The synergistic relationship between wrist/forearm range of motion (ROM) and grip strength (GS) is arguably one of the most important aspects of hand function. Clinically, GS is measured with the wrist in a standardized static position, and the results of such tests have been deemed valid and reliable. The question remains, however, whether this static GS (SGS) measurement is an accurate indication of how an individual functionally grips objects--that is, most functional tasks require the fingers to grasp an object forcibly while moving the proximal joints such as the wrist and forearm. Therefore, further analysis of an individuals dynamic GS (DGS) during wrist/forearm movements may improve the clinicians understanding of hand function and provide more pertinent guidelines for assessing functional gripping, e.g., for vocational and avocational tasks and in designing workstations.
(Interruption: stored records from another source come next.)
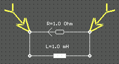 Um die Anschlußstellen anzugeben, die als Bezugspunkte für die Widerstandsberechnung dienen sollen, enthält das Menü der Schaltelemente folgende Pfeile .  Mit diesen Pfeilen können alle Mausaktionen durchgeführt werden, die wir schon bei anderen Schaltelementen kennengelernt haben(z.B. "nehmen", "ziehen" etc.) Nehmen Sie nun zwei solche Pfeile aus dem Menü und plazieren Sie diese so, dass sie mit ihren Spitzen auf je einen Knotenpunkt der Schaltung zeigen, während die anderen Enden frei sind .
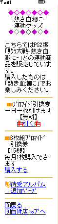 | 1. | 『ケイタイクラブ』にアクセスをします。メニューの「熱き血潮に連動コンテンツ」→「花組百貨店」→「熱き血潮に連動商品」の順で選択します。 | ||
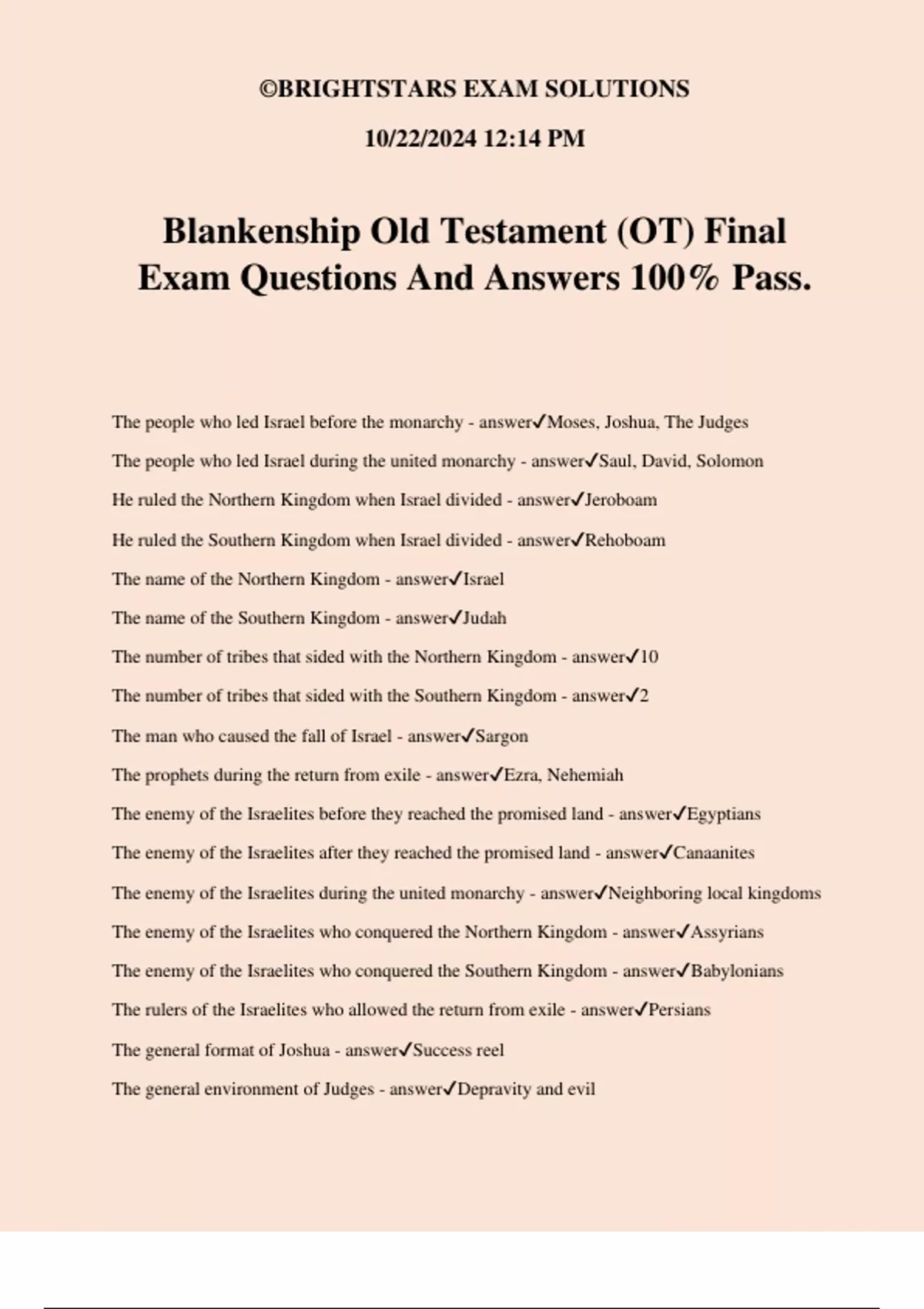 The roles of the prophets - answer✔1. Anoint and overthrow Kings
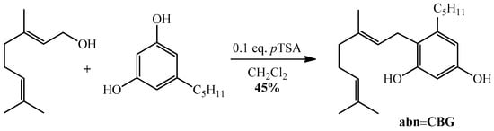 The regioisomer of natural CBG, abnormal CBG, was prepared via the Lewis acid-catalyzed reaction of olivetol with geranyl. The reaction was performed in methylene chloride at room temperature in the presence of silica gel for 1.5 h. The use of p-toluenesulfonic acid (pTSA) in an amount of 0.1 eq as a catalyst was found to produce the target compound in satisfactory yields of up to 45% (Scheme 4). Pure abn-CBG was isolated from the reaction mixture by column chromatography.
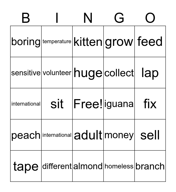 This bingo card has a free space and 24 words: international, different, huge, tape, feed, boring, sensitive, temperature, iguana, adult, collect, international, money, sell, volunteer, homeless, fix, kitten, lap, sit, branch, peach, grow and almond.
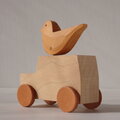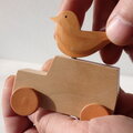 素材:シカモア・ヒノキ(コトリ部分)・豚革(タイヤ部分)・鉄(ネジ部)
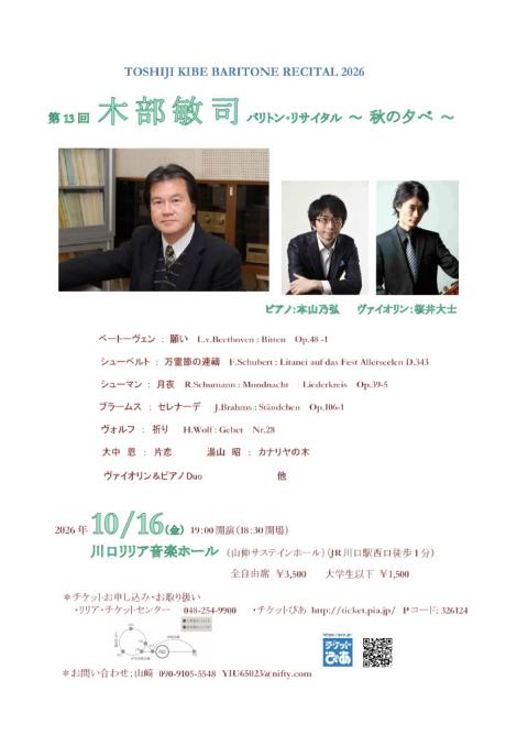 木部敏司バリトンリサイタル~秋の夕べ~ドイツ&日本歌曲/pf本山乃弘/vn桜井大士
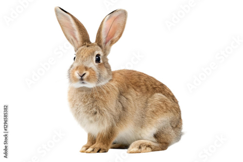 © Vlad, Obraz premium Cute rabbit sitting calmly on a smooth surface while looking curiously at the camera in a bright environment, cut out
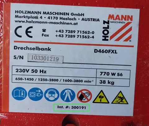 - Pour tour à bois dont le numéro Int. # = 300199
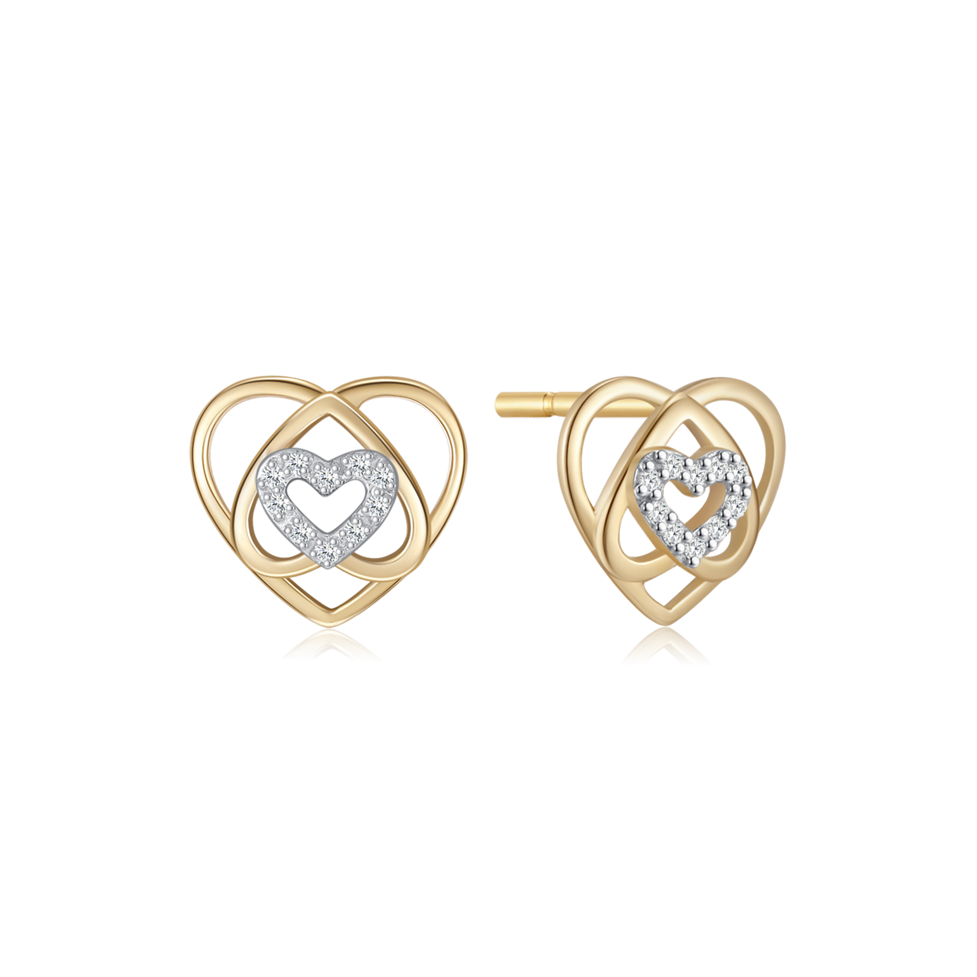 Gold interlocking heart earrings with stone-embellished inner hearts and post-style backings.
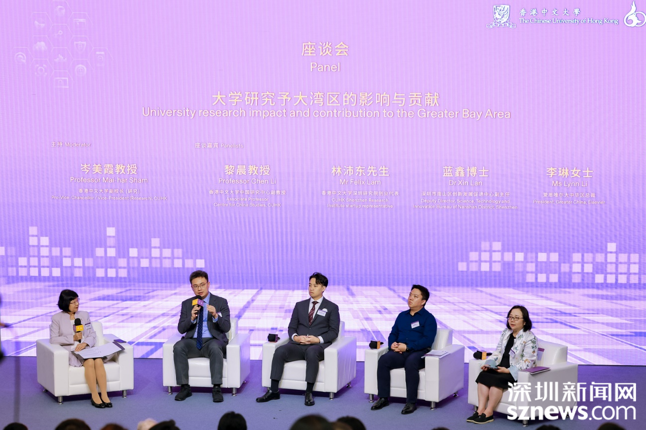 报告发布会中的座谈会以“大学研究予大湾区的影响与贡献”为主题,由香港中文大学副校长(研究)岑美霞教授 (左一) 主持,与香港中文大学中国研究中心黎晨副教授 (左二)、香港中文大学深圳研究院创业代表林沛东先生 (左三)、深圳市南山区创新发展促进中心副主任蓝鑫博士 (右二) 及爱思唯尔大中华区总裁李琳女士 (右一) 就学术科研及创作技术应用的议题进行讨论。
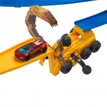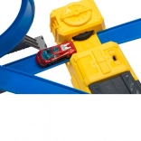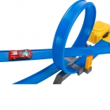 Modré koľajnice a pevné žlté podpery zabezpečujú plynulý prejazd slučkou bez straty rýchlosti – perfektné na súťaže aj tréning rekordov.
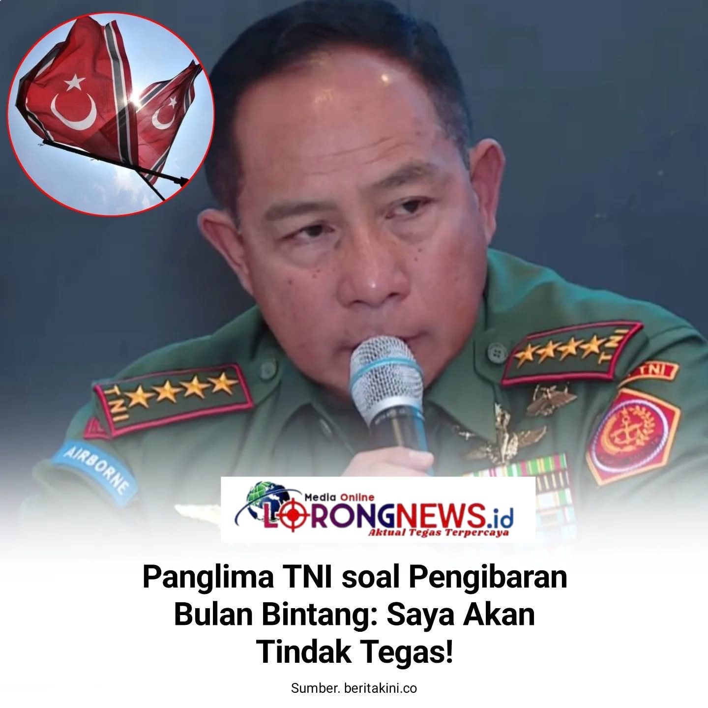 JAKARTA, LORONGNEWS.id – Panglima TNI Jenderal Agus Subiyanto menegaskan tidak akan mentoleransi pengibaran bendera bulan bintang di tengah situasi bencana yang melanda Aceh.
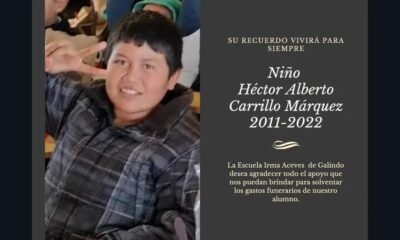 Familiares del niño Héctor Alberto Carrillo Márquez solicitaron el apoyo de la ciudadanía para poder cubrir los gastos de su funeral. “Quien guste apoyarnos con lo...
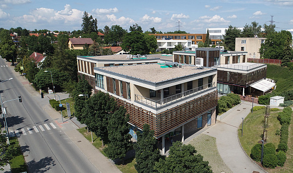 Architektonická forma domu respektuje tradiční středočeskou architekturu. Celý objekt má evokovat stodolu s užitím materiálu jako je omítka na fasádě, kámen na zpevněných površích a předsazené dřevěné plaňky před pavlačemi a terasami. Dvoupodlažní budova se sedlovou střechou se drží formy místních hospodářských stodol.
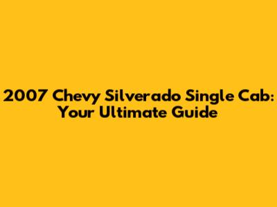 2007 Chevy Silverado Single Cab: Everything You Need To Know
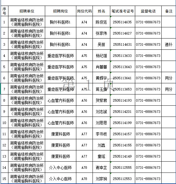 湖南省结核病防治所(湖南省胸科医院)2025年公开招聘入围面试和实际操作能力测试人员名单:
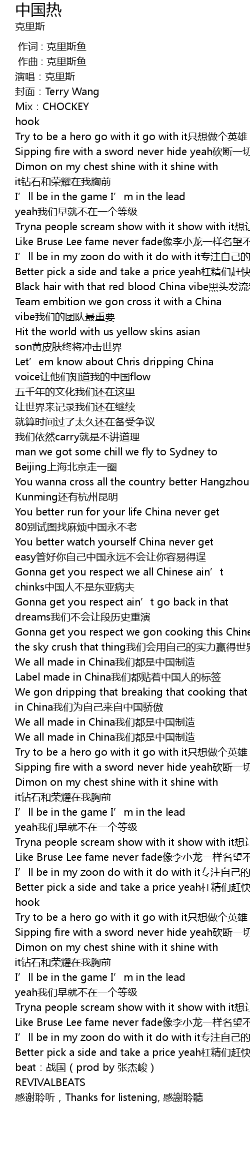 | [00:45.318] | Let' em know about Chris dripping China voice rang ta men zhi dao wo de zhong guo flow |
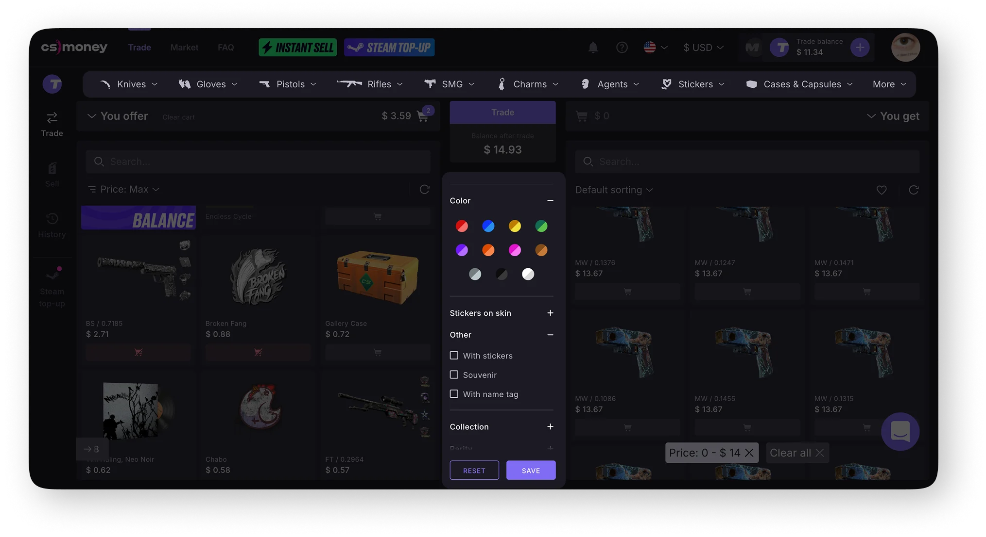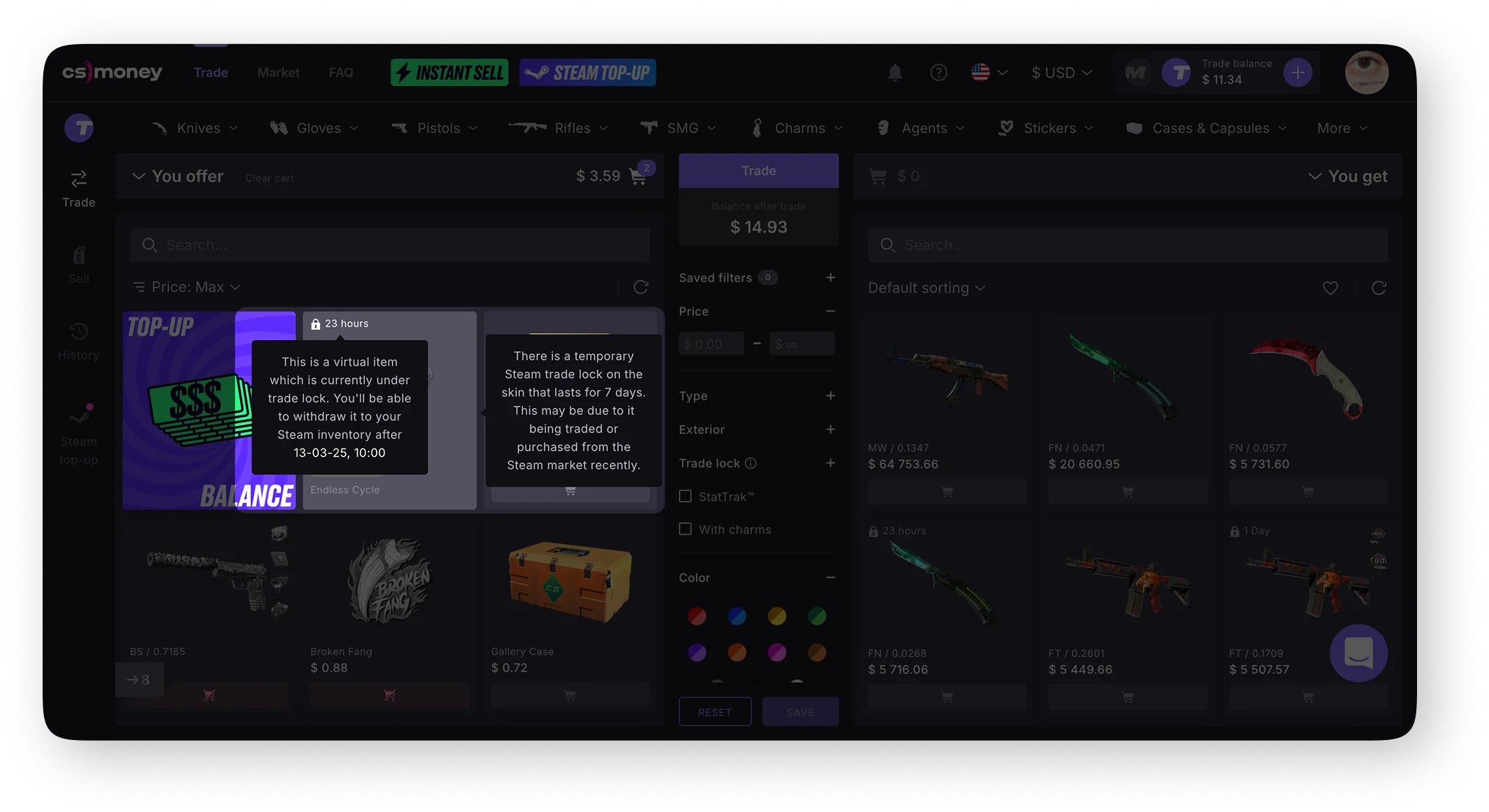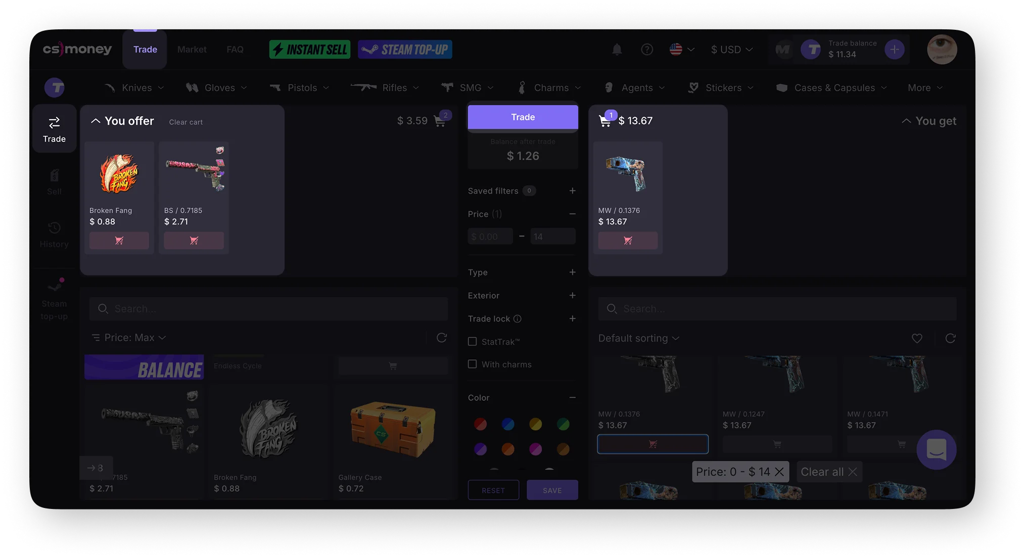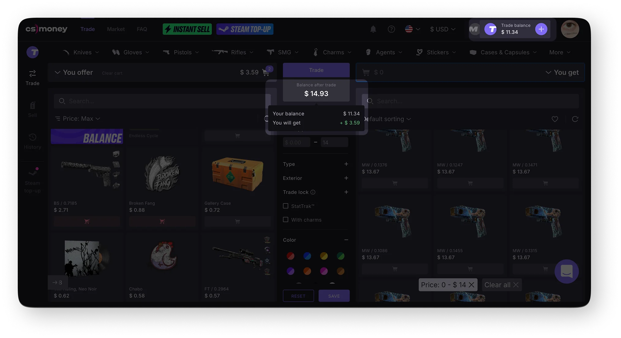 You can use the balance in the “Trade” mode to buy items or to compensate for the difference in value when trading skins. For example, if you trade an expensive item for several cheaper ones, the difference will be credited to your balance. And the opposite — if you want to trade your items for a more expensive one, the difference will be deducted from your balance.
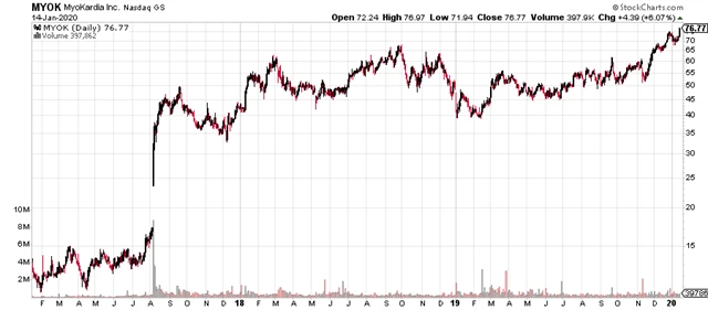 Výrobce léků pro pacienty se závažnými kardiovaskulárními onemocněními má ve druhé fázi testování lék mavacamten, který by měl pomoci s léčbou neobstrukční hypertrofické kardiomyopatie. U pěti testovaných pacientů se sice objevily určité problémy, ale i tak jsou akcie firmy favority investorů i analytiků, kteří oceňují "přesvědčivý příběh". V případě úspěchu léku by cena akcie (nyní 76,77 USD) mohla letět nahoru, což se projevuje na většině cílových cen (73 až 95 USD, průměr 82,5 USD).

The purpose of this study is twofold: to describe and assess a DGS testing device that utilizes optically encoded gyroscopes and a strain-gauge dynamometer to simultaneously measure GS and wrist/forearm position over real time; and to assess and compare grip force production differences in SGS and DGS in uninjured wrists, using this novel device. Twenty-nine uninjured wrists of men (n = 15) and women (n = 14)--age range, 21 to 43 years--were tested with the DGS device. Subjects were excluded if they had any previous wrist/forearm fracture, pain, or limitation of motion. The DGS device was designed and fabricated with two optically encoded gyroengines, a vertical gyroscope with two axes for measuring flexion/extension and radial/ulnar deviation, and a directional gyroscope with one axis for measuring supination/pronation, mounted on a strain-gauge dynamometer. The signals from the gyroscopes and dynamometer were processed by means of a data aquisition board and analog-to-digital circuitry and collected on a 486-MHz computer. The methods included repeated testing of each gyroscope axis to known angular measurements, and randomly assigned maximal gripping trials from the 29 subjects. The standard deviation of gyroengines is 1 degree to 2 degrees for each ROM axis. Maximal DGS is significantly less (mean 14%) than SGS, and SGS is 29% less than DGS at the same three-dimensional ROM positions. Gyroengines are feasible three-dimensional tracking devices that can be used to monitor wrist/forearm ROM in conjunction with GS.